Shizuo parecia prestes a entrar em combustão espontânea a qualquer momento de tão intenso que era seu rubor. Enquanto isso, Izaya observava-o atentamente, em um misto de incredulidade, curiosidade e divertimento.

— Não tô pedindo pra você usar um vestido e subir num altar comigo, só… — o loiro começava a entrar em desespero em busca das palavras que pareciam fugir de seu alcance na medida em que as necessitava — Quero poder ser a pessoa que você procura pra falar do seu dia, do que te incomoda, do que você gosta…

Com a maior gentileza que podia canalizar aos membros, Shizuo envolveu as mãos do informante com as suas, incluindo a caixinha no nó de dedos. Seu corpo todo ardia em brasa e seu pulso vibrava com adrenalina, fazendo seu coração disparar. A proximidade deles era suficiente para que o guarda-costas se inclinasse e encostasse sua testa à do informante. E, em um sussurro tão tímido quanto verdadeiro:

— Eu te amo, Izaya. Casa comigo?

Com os olhos arregalados, o moreno, pela primeira vez provavelmente em sua vida inteira, não tinha palavras. De todo um universo de ações inesperadas, Izaya nunca imaginara aquele cenário, fosse com Shizuo ou com qualquer outra pessoa.

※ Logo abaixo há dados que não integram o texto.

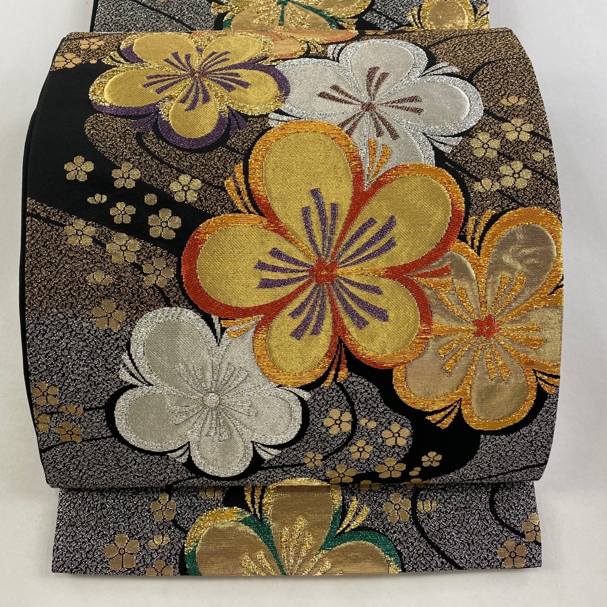 | 袋帯 美品 秀品 梅 流水 金銀糸 箔 黒 六通 正絹 【中古】 |
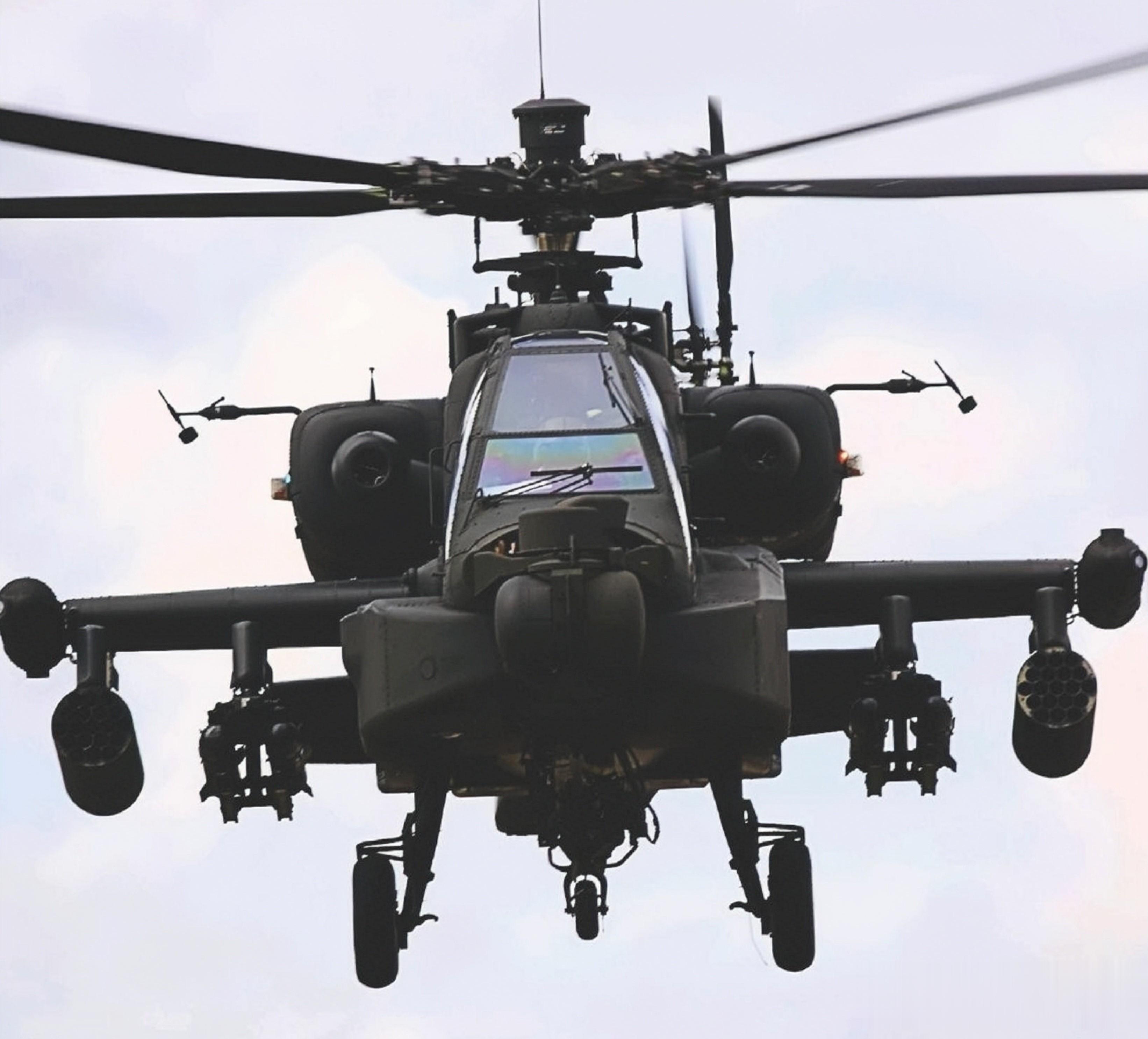 AH-64D——最新的改进型,在主旋翼上方安装了“长弓”雷达。

Bem…talvez especialmente não com Shizuo.

— …Isso é sério?

— É.

Agora, com aquelas íris cor de mel transparecendo toda a honestidade da declaração do monstro que sempre fora verdadeiro demais para se passar por humano, Izaya sentia-se nu. Shizuo conseguira ver através dele como vidro desde o começo e, mesmo assim, ficara.

Não havia nada mais desprezível no informante para descobrir; o loiro já conhecia sua malícia e suas tramas. Sabia de sua personalidade doentia e de seus defeitos, e, mesmo assim…ficara.

Não importava o quanto tentasse, nunca conseguiria entender.

— O que você acha que vou responder? — enfim indagou, tentando tirar o peso da “grande pergunta”.

— Considerando seu orgulho gigantesco, recusar e zombar de mim pelo resto da minha vida. — Shizuo respondeu, adicionando um sorriso ao final da frase.

— Que bom que você sabe que vou zombar de você pelo resto da sua vida.

Demorou um tempo para cair a ficha. Quando o guarda-costas afastou o rosto do moreno, pode ver os tons de rubro se alastrarem por sua face, e só então percebeu que a mão esquerda do menor estava estendida de palma para baixo em frente a ele.

As mãos de Shizuo tremiam enquanto tirava a aliança prateada do suporte e deslizava-a até encaixar perfeitamente no dedo anelar do informante. As de Izaya também, embora apenas sutilmente, enquanto repetia o processo na mão correspondente do mais novo. Depois de pronto, seus dedos se encaixaram perfeitamente entre os do outro, selando os votos silenciosos.

— Achei que você quisesse ter uma vida pacífica. — o menor provocou.

— Eu quero. — ele respondeu, puxando a mão do mais velho para seus lábios — Mas é ou ter você, ou ter uma vida pacífica.

Izaya riu porque sabia ser verdade.

— Ahh, o amor é mesmo estúpido, Shizu-chan.